___ Provided data ___
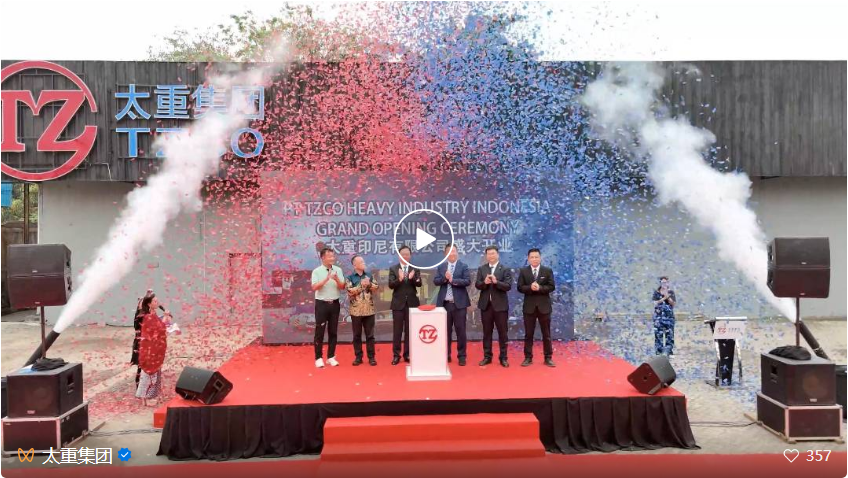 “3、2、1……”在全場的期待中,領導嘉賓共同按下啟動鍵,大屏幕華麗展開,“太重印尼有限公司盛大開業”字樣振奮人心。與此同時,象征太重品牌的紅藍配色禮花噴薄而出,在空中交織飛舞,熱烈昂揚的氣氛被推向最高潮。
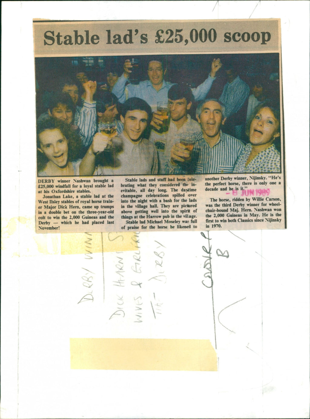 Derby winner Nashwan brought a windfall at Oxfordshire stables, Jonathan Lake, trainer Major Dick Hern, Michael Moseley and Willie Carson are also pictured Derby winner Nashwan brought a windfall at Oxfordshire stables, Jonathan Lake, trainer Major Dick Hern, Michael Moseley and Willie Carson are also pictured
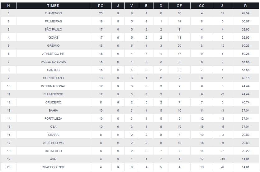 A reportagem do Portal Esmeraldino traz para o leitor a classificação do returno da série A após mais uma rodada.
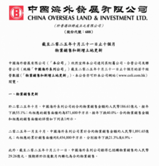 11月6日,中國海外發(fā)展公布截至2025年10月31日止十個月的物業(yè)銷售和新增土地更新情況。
___
___ Provided data ___
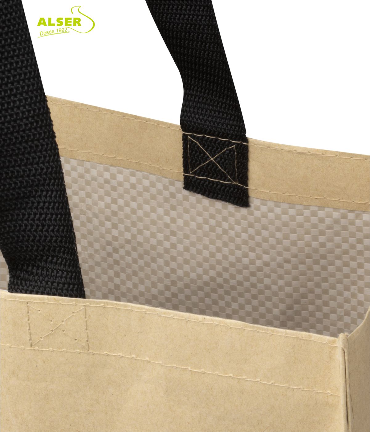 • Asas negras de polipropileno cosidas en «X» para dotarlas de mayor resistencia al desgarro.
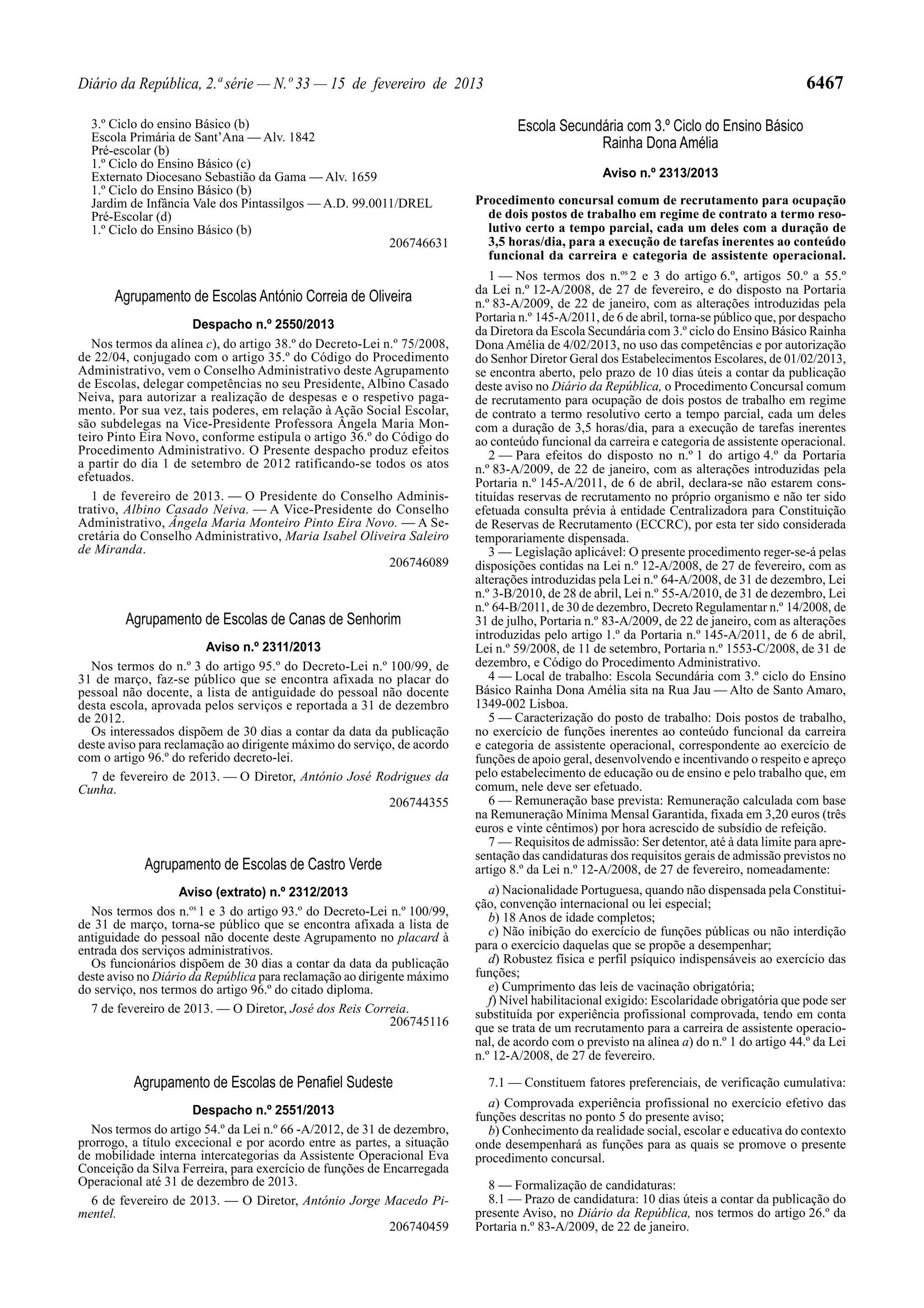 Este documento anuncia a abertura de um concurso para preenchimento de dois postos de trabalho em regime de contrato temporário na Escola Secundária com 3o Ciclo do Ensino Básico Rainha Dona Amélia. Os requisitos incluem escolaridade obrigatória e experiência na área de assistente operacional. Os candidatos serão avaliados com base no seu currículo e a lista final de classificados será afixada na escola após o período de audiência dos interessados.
___
## Work to be completed
Could you output exactly the lines above, from the line with "also pictured Derby" up to and including the line with "11月6日,中國海外發(fā", and nothing else, skipping the pictures?

## Reply
 Derby winner Nashwan brought a windfall at Oxfordshire stables, Jonathan Lake, trainer Major Dick Hern, Michael Moseley and Willie Carson are also pictured Derby winner Nashwan brought a windfall at Oxfordshire stables, Jonathan Lake, trainer Major Dick Hern, Michael Moseley and Willie Carson are also pictured
 A reportagem do Portal Esmeraldino traz para o leitor a classificação do returno da série A após mais uma rodada.
 11月6日,中國海外發(fā)展公布截至2025年10月31日止十個月的物業(yè)銷售和新增土地更新情況。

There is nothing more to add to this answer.